Nova área de atuação

Hoje, nasce um novo médico. Um profissional voltado a desempenhar sua crença e seu compromisso em favor do cuidado da vida e não da doença, pautado na construção de um conhecimento vindo da fusão de vários saberes.

As palavras (emocionadas) acima, proferidas pelo paliativista Ricardo Tavares de Carvalho, um dos mestres de cerimônia do IV Congresso Internacional de Cuidados Paliativos, de 6 a 9 de outubro, referiram-se ao anúncio oficial da Medicina Paliativa como área de atuação do médico, feito pelo presidente do Conselho Federal de Medicina (CFM), Roberto Luiz d’Ávila. Além de D’Ávila, a mesa principal contou com Sílvia Barbosa e Roberto Bettega, respectivamente, presidente e vice-presidente da Academia Nacional de Cuidados Paliativos (ANCP), organizadora do evento.

Faltam alguns detalhes formais antes de a proposta de criação da área ser submetida ao plenário do CFM. Por exemplo, a Associação Médica Brasileira (AMB) indicará que especialidades têm interface com a área, além da Clínica Médica, Cancerologia, Geriatria e Gerontologia, Medicina de Família e Comunidade e Pediatria, permitindo o estabelecimento de programas de residência e centros de formação.

Mas, na prática, pela regulamentação anunciada no encontro ocorrido no Instituto de Ensino e Pesquisa (IED) do Hospital Sírio-Libanês, prevê-se empenho pela melhora na qualidade do atendimento a pacientes portadores de doenças crônicas e incuráveis ou que estejam em fase final de vida.
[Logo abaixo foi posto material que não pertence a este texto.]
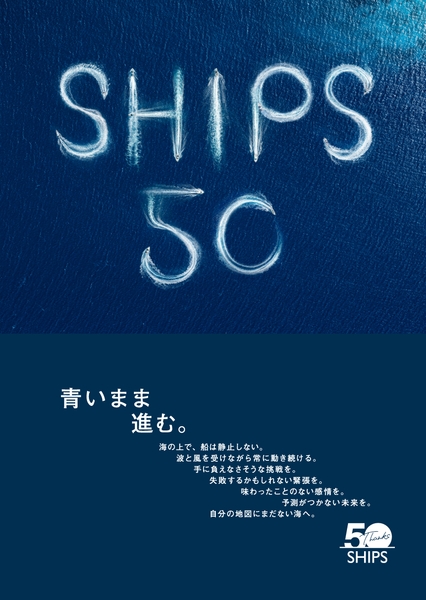 数多の船(シップス)が大海原を航海する姿を描き、その航跡で浮かび上がる「SHIPS 50」の文字には、これまでの軌跡と未来を切り拓いていく決意が込められています。この記念ビジュアルは、3月には全国の店舗装飾やさまざまな企画を通じて展開され、節目を彩る演出をしてまいります。

Porém, a mudança mais importante relaciona-se à exigência de formação específica em Medicina Paliativa.

É o “Educar para Paliar”, trazido no mote do Congresso, empregado em forma de cursos, simpósios, mesas-redondas e encontros com o professor, disponibilizados no evento.

Diretrizes de Vontade
Assunto sempre lembrado ao se falar em Cuidado Paliativo, as Diretrizes Antecipadas de Vontade (documentos que permitem à pessoa transmitir decisões sobre cuidados de fim de vida, quando ainda estiver consciente) foram discutidas no primeiro dia de Congresso, entre outros, pelo bioeticista José Eduardo de Siqueira, membro da Câmara Técnica de Terminalidade, do CFM. 

Em resumo, o professor incentivou o médico a agir como espécie de “facilitador” da autonomia do paciente, na expressão de seus desejos.

Se a atitude é correta, sua prática ainda não é fato: de acordo com estudo abrangendo dez UTIs brasileiras, realizado pelo palestrante Jefferson Piva, professor da PUC/RS, a decisão relativa à limitação ao suporte de vida é feita isoladamente pelo médico, quando deveria ser compartilhada com a família.

Educar para Paliar
Grandes reflexões e debates focalizando treinamentos dos médicos também fizeram parte do Congresso, e envolveram competências básicas em cuidados paliativos, como lidar com o paciente terminal e sua família, avaliação sistêmica – nas esferas física, psicológica, social e espiritual –, abordagem dos sintomas físicos comuns, princípios de manejo da dor física/uso de opióides e suporte psicossocial.

Lawrence Librach, diretor do Temmy Latner Center for Palliative Care do hospital canadense Mount Sinai, expôs o projeto Pallium Canada de treinamento à distância para profissionais da saúde na área de cuidados paliativos e terminalidade da vida. O modelo envolve comunidades que partilham conhecimento, comunicação on line, conferências e formação de profissionais. “É preciso adaptar o método às culturas regionais e mantê-lo atualizado periodicamente”, recomendou.

Humanização e políticas de medicamentos
A IV sessão plenária do Congresso Internacional de Cuidados Paliativos abordou a terapêutica básica em cuidados paliativos e a política de medicamentos para o Brasil.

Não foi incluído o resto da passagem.